Ireland confirmed as EU’s fastest growing economy
Today’s GDP figures confirm Ireland’s position as the fastest growing economy in the European Union.
Much of this is down to the continuing strong performance in the pharmaceutical and computer services sectors, both of which are dominated by foreign-owned multinationals.
In an analysis accompanying today’s figures, the CSO shows how the industrial sector, which includes pharmaceutical companies, grew by 158% since the first quarter of 2019.
The Information and Communication sector, which includes the computer services sector, grew by 143% over the same period.
The CSO also revealed some headline results from a survey it conducted with 60 of the largest firms in these sectors.
It found that for pharmaceutical companies, the main areas of activity in Ireland which have contributed to their growth are “active pharmaceutical ingredients” which are the ingredients for medicines, “biologics” which are drug ingredients made from living organisms and “bulk dose” manufacturing which is another component of medicines.
For computer services companies, the main areas of activities contributing to growth were software licensing, web-enabled services and the research and development of products.
A breakdown of today’s CSO figures shows how dramatic the recovery has been in certain parts of the domestic economy.
The sale of clothes rose by about 190% in May, compared to April. Department store sales rose by almost 170% in the same month while the sale of books rose by around 140% in the month of June.
Accommodation and food also saw a 90% increase in the month of June.
Overall personal consumption expenditure rose by 12.6% in the second quarter compared to the first, up 6.9% for goods and 16.8% for services.

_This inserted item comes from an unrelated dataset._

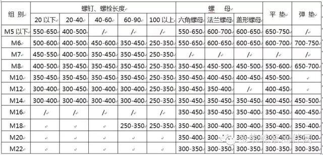 為了消除氫脆,一般采用鍍后熱處理,使氫逸出。溫度越高時間越長,除氫越徹底,但超過250℃鋅結晶組織將變形,發脆,耐蝕性明顯下降。實踐溫度:200±10 ℃,不同標準件產品除氫工藝見下表:
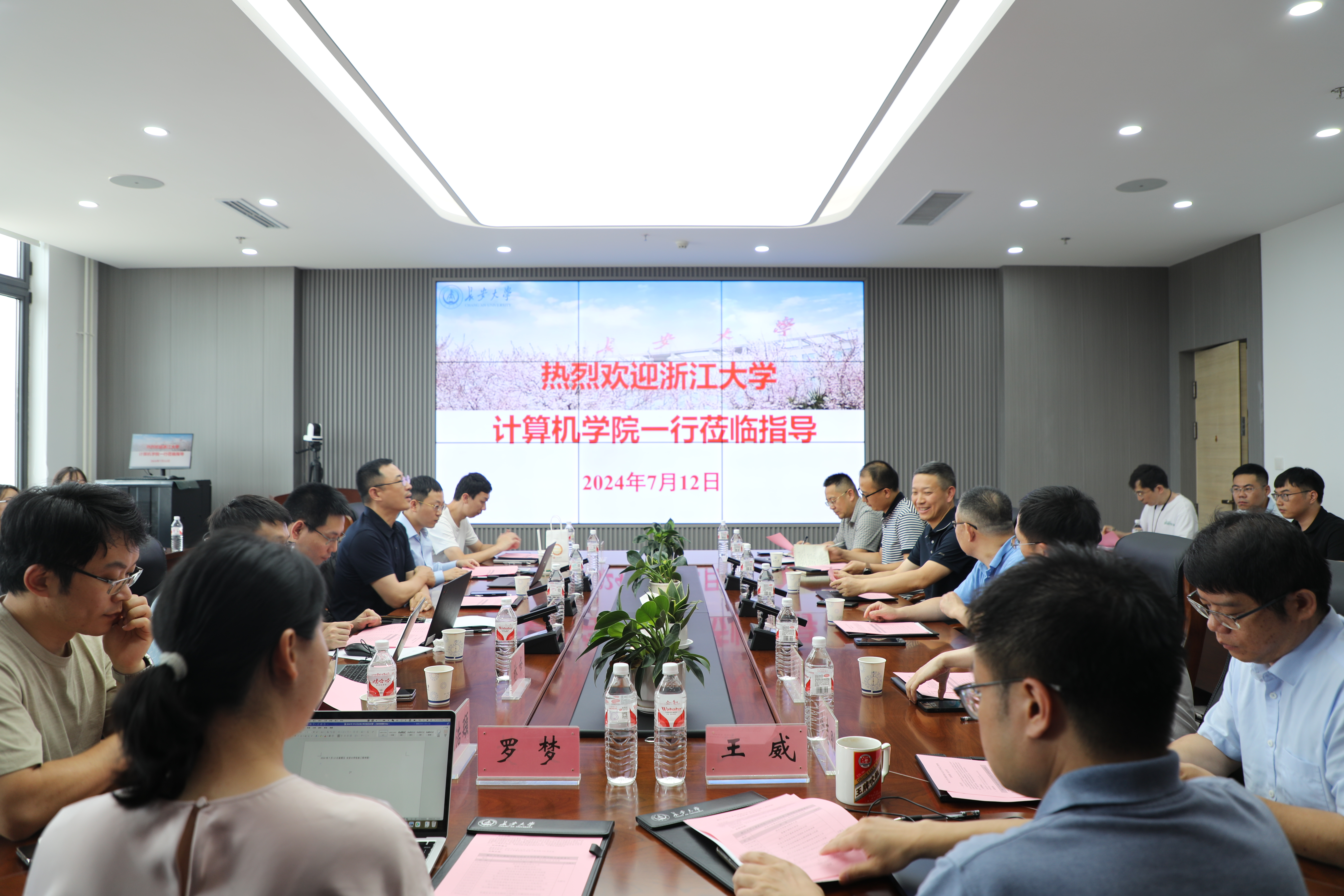 安毅生院长对浙江大学计算机学院的到访表示诚挚欢迎,并从学院近年学科领域与科研成就、专业建设与人才培养、合作交流与社会贡献等方面介绍了学院的建设发展情况。他指出双方在科学研究、社会服务、成果转化等领域存在着广阔的合作交流空间,希望双方今后进一步深化科研合作与学术交流、共促发展。

On an annual basis, personal consumption expenditure was up 19.4% with the consumption of goods up 27.3% and services up 14.5%.
As has been the pattern during the lockdown, online sales fell back as shops reopened, the CSO noted.
Commenting on today’s CSO figures, Ibec economist Hazel Ahern-Flynn said they showed broad-based growth among domestic-facing sectors, on the back of growing consumption and investment, while Ireland’s export growth continues on its impressive upwards trajectory.
Ms Ahern-Flynn said the improvements in domestic demand are a welcome signal that the recovery is now being felt more widely across the economy.
“While this is positive news, this strong growth brings its own challenges as both labour constraints and input prices continue to rise on the back of increased demand,” she said.
“As the resumption of normal activity continues, the focus can now shift towards supporting a sustainable and continued recovery, along with leveraging the available resources to invest in Ireland’s future growth,” she added.